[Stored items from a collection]

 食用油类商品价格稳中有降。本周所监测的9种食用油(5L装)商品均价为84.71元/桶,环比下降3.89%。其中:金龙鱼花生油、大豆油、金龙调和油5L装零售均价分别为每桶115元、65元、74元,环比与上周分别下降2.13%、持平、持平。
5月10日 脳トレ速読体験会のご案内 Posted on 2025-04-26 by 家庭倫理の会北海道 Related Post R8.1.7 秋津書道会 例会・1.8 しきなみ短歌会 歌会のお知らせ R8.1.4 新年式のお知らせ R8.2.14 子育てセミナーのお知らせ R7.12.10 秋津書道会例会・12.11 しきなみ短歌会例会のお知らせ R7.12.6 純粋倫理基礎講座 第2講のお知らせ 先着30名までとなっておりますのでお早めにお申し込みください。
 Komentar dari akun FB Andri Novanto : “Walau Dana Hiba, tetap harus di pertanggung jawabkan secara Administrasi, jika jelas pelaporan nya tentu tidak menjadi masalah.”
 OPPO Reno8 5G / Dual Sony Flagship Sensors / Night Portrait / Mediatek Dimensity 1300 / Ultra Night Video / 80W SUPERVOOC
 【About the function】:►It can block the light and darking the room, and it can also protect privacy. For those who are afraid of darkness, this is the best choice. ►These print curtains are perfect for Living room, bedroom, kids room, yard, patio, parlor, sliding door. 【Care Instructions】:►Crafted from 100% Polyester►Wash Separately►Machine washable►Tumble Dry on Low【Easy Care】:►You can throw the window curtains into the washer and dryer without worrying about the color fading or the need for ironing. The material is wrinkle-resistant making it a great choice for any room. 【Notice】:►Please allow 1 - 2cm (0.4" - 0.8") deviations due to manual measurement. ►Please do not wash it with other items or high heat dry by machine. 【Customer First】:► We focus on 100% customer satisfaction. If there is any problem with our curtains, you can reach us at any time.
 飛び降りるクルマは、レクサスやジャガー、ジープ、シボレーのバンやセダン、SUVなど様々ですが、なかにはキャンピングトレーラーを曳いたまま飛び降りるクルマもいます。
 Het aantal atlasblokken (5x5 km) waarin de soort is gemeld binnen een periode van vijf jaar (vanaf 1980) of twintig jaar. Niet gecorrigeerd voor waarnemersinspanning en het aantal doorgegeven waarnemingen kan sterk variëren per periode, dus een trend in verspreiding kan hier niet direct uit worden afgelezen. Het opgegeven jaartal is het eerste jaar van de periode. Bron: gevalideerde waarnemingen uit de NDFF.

**Requirement**. Transcribe every entry exactly, omitting nothing.

**Worked solution**.
 食用油类商品价格稳中有降。本周所监测的9种食用油(5L装)商品均价为84.71元/桶,环比下降3.89%。其中:金龙鱼花生油、大豆油、金龙调和油5L装零售均价分别为每桶115元、65元、74元,环比与上周分别下降2.13%、持平、持平。
5月10日 脳トレ速読体験会のご案内 Posted on 2025-04-26 by 家庭倫理の会北海道 Related Post R8.1.7 秋津書道会 例会・1.8 しきなみ短歌会 歌会のお知らせ R8.1.4 新年式のお知らせ R8.2.14 子育てセミナーのお知らせ R7.12.10 秋津書道会例会・12.11 しきなみ短歌会例会のお知らせ R7.12.6 純粋倫理基礎講座 第2講のお知らせ 先着30名までとなっておりますのでお早めにお申し込みください。
 Komentar dari akun FB Andri Novanto : “Walau Dana Hiba, tetap harus di pertanggung jawabkan secara Administrasi, jika jelas pelaporan nya tentu tidak menjadi masalah.”
 OPPO Reno8 5G / Dual Sony Flagship Sensors / Night Portrait / Mediatek Dimensity 1300 / Ultra Night Video / 80W SUPERVOOC
 【About the function】:►It can block the light and darking the room, and it can also protect privacy. For those who are afraid of darkness, this is the best choice. ►These print curtains are perfect for Living room, bedroom, kids room, yard, patio, parlor, sliding door. 【Care Instructions】:►Crafted from 100% Polyester►Wash Separately►Machine washable►Tumble Dry on Low【Easy Care】:►You can throw the window curtains into the washer and dryer without worrying about the color fading or the need for ironing. The material is wrinkle-resistant making it a great choice for any room. 【Notice】:►Please allow 1 - 2cm (0.4" - 0.8") deviations due to manual measurement. ►Please do not wash it with other items or high heat dry by machine. 【Customer First】:► We focus on 100% customer satisfaction. If there is any problem with our curtains, you can reach us at any time.
 飛び降りるクルマは、レクサスやジャガー、ジープ、シボレーのバンやセダン、SUVなど様々ですが、なかにはキャンピングトレーラーを曳いたまま飛び降りるクルマもいます。
 Het aantal atlasblokken (5x5 km) waarin de soort is gemeld binnen een periode van vijf jaar (vanaf 1980) of twintig jaar. Niet gecorrigeerd voor waarnemersinspanning en het aantal doorgegeven waarnemingen kan sterk variëren per periode, dus een trend in verspreiding kan hier niet direct uit worden afgelezen. Het opgegeven jaartal is het eerste jaar van de periode. Bron: gevalideerde waarnemingen uit de NDFF.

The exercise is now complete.